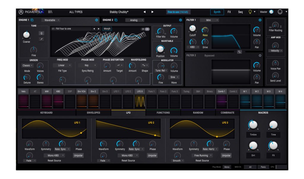 Das französische Unternehmen Arturia hat sich bis zum Ende des Jahres Zeit gelassen, um uns völlig überraschend einen neuen Soft-Synth zu präsentieren. Und dass es auch noch eine komplette Eigenentwicklung und keine Emulation ist – damit hat wohl kein Mensch gerechnet. Pigments kombiniert Virtuell-analog- mit Wavetable-Synthese und verpackt das mit einer wahnsinnigen Liste von Features: LFOs, Envelopes, Sample-and-Hold, Makros, Filter, Effekte und noch mehr. Alles lässt sich miteinander kombinieren und gegenseitig beeinflussen, Effekte können seriell oder parallel arbeiten – die Möglichkeiten scheinen fast unbegrenzt. Der Sound überzeugt auf ganzer Linie und auch die GUI ist ein Hingucker. Wir empfehlen dringend den Download der vollumfänglichen Demo-Version! Bis zum 10. Januar ist Pigments für 149 Euro erhältlich, danach müssen 199 Euro auf den virtuellen Tisch gelegt werden.
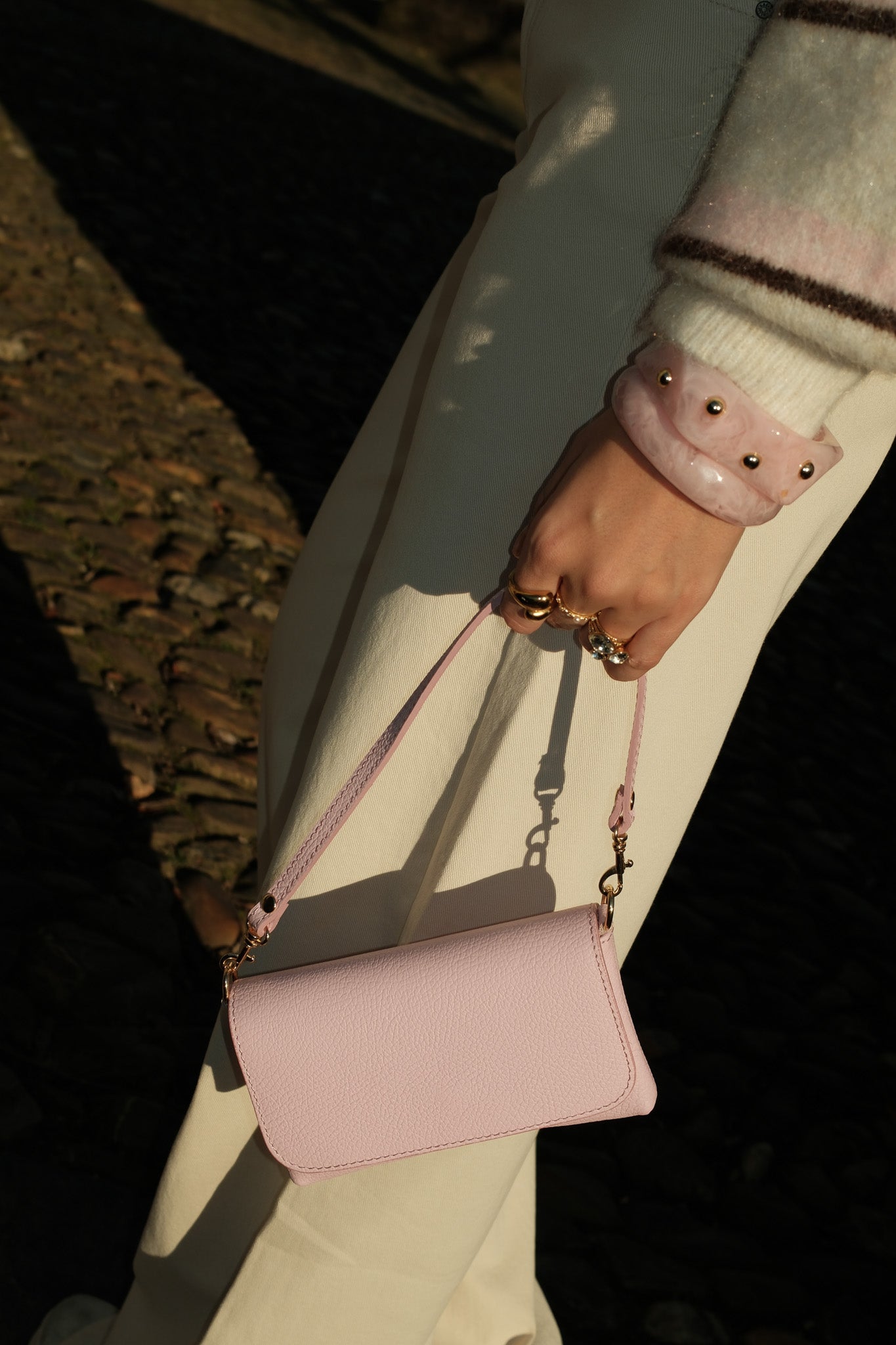 De Rosa bag is een verfijnde, compacte schoudertas in een zachte lichtroze tint. Het fijne, licht generfde materiaal geeft een luxe uitstraling, terwijl de strakke klep en goudkleurige details zorgen voor een elegante touch. Dankzij het slanke formaat draag je haar moeiteloos crossbody of als schoudertas voor een vrouwelijke, stijlvolle look. Perfect voor een dagje uit, een diner of als subtiele eyecatcher bij je favoriete knit.
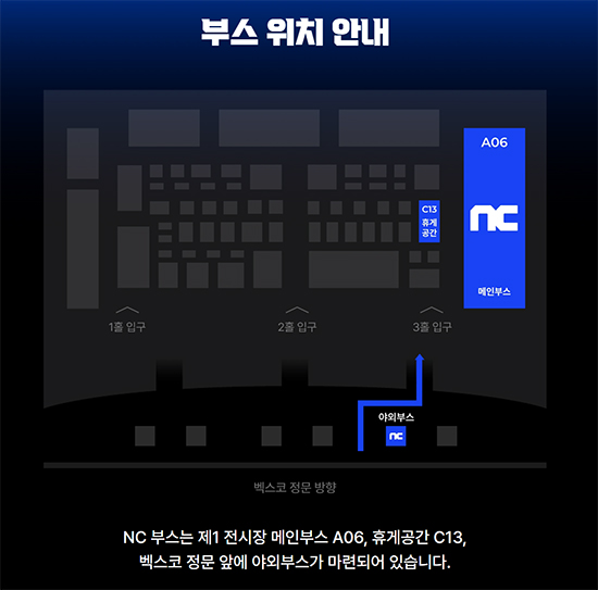 ¸ÞÀÎ ºÎ½º´Â º¤½ºÄÚ Á¦1 Àü½ÃÀå ¸ÞÀκνº A06¿¡ À§Ä¡Çß´Ù. 3Ȧ ÀÔ±¸ ¹Ù·Î ¿À¸¥ÆíÀÌ´Ù. ¸ÞÀÎ ºÎ½º ¾Õ¿¡´Â ÈÞ°Ô°ø°£ C13ÀÌ ÁغñµÆ°í, ¾ß¿Ü¿¡µµ ºÎ½º°¡ ÁغñµÅ ÀÖ´Ù. ¾ß¿Ü ºÎ½º¿¡¼´Â ¡®NC X ´Ù¸£´Ù Çɺ¼ °ÔÀÓ¡¯, ¡®NC Æ÷ÅäÁ¸¡¯ µî À̺¥Æ®·Î °ü¶÷°´À» ¸Â´Â´Ù.
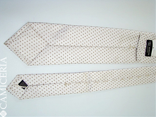 Элегантный шёлковый галстук ручной работы Eddy Monetti. Изготовлен по классической итальянской технологии с использованием декоративной прошивки сплошной нитью с внутренней стороны галстука. Широкий и узкий концы галстука укреплены стежками, пришитыми вручную.
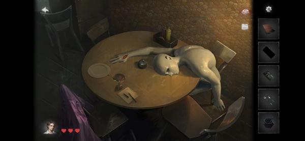 5、吧台上有菜单,在其他餐桌上能够获得刀叉,让小男孩和吧台男三个人点好菜,假人喝完趴下,手上出现嘴唇印。

■ **Instructions to follow**
A verbatim transcript of the material above, with images dropped, is the expected output.

■ **Answer to this problem**
 Das französische Unternehmen Arturia hat sich bis zum Ende des Jahres Zeit gelassen, um uns völlig überraschend einen neuen Soft-Synth zu präsentieren. Und dass es auch noch eine komplette Eigenentwicklung und keine Emulation ist – damit hat wohl kein Mensch gerechnet. Pigments kombiniert Virtuell-analog- mit Wavetable-Synthese und verpackt das mit einer wahnsinnigen Liste von Features: LFOs, Envelopes, Sample-and-Hold, Makros, Filter, Effekte und noch mehr. Alles lässt sich miteinander kombinieren und gegenseitig beeinflussen, Effekte können seriell oder parallel arbeiten – die Möglichkeiten scheinen fast unbegrenzt. Der Sound überzeugt auf ganzer Linie und auch die GUI ist ein Hingucker. Wir empfehlen dringend den Download der vollumfänglichen Demo-Version! Bis zum 10. Januar ist Pigments für 149 Euro erhältlich, danach müssen 199 Euro auf den virtuellen Tisch gelegt werden.
 De Rosa bag is een verfijnde, compacte schoudertas in een zachte lichtroze tint. Het fijne, licht generfde materiaal geeft een luxe uitstraling, terwijl de strakke klep en goudkleurige details zorgen voor een elegante touch. Dankzij het slanke formaat draag je haar moeiteloos crossbody of als schoudertas voor een vrouwelijke, stijlvolle look. Perfect voor een dagje uit, een diner of als subtiele eyecatcher bij je favoriete knit.
 ¸ÞÀÎ ºÎ½º´Â º¤½ºÄÚ Á¦1 Àü½ÃÀå ¸ÞÀκνº A06¿¡ À§Ä¡Çß´Ù. 3Ȧ ÀÔ±¸ ¹Ù·Î ¿À¸¥ÆíÀÌ´Ù. ¸ÞÀÎ ºÎ½º ¾Õ¿¡´Â ÈÞ°Ô°ø°£ C13ÀÌ ÁغñµÆ°í, ¾ß¿Ü¿¡µµ ºÎ½º°¡ ÁغñµÅ ÀÖ´Ù. ¾ß¿Ü ºÎ½º¿¡¼´Â ¡®NC X ´Ù¸£´Ù Çɺ¼ °ÔÀÓ¡¯, ¡®NC Æ÷ÅäÁ¸¡¯ µî À̺¥Æ®·Î °ü¶÷°´À» ¸Â´Â´Ù.
 Элегантный шёлковый галстук ручной работы Eddy Monetti. Изготовлен по классической итальянской технологии с использованием декоративной прошивки сплошной нитью с внутренней стороны галстука. Широкий и узкий концы галстука укреплены стежками, пришитыми вручную.
 5、吧台上有菜单,在其他餐桌上能够获得刀叉,让小男孩和吧台男三个人点好菜,假人喝完趴下,手上出现嘴唇印。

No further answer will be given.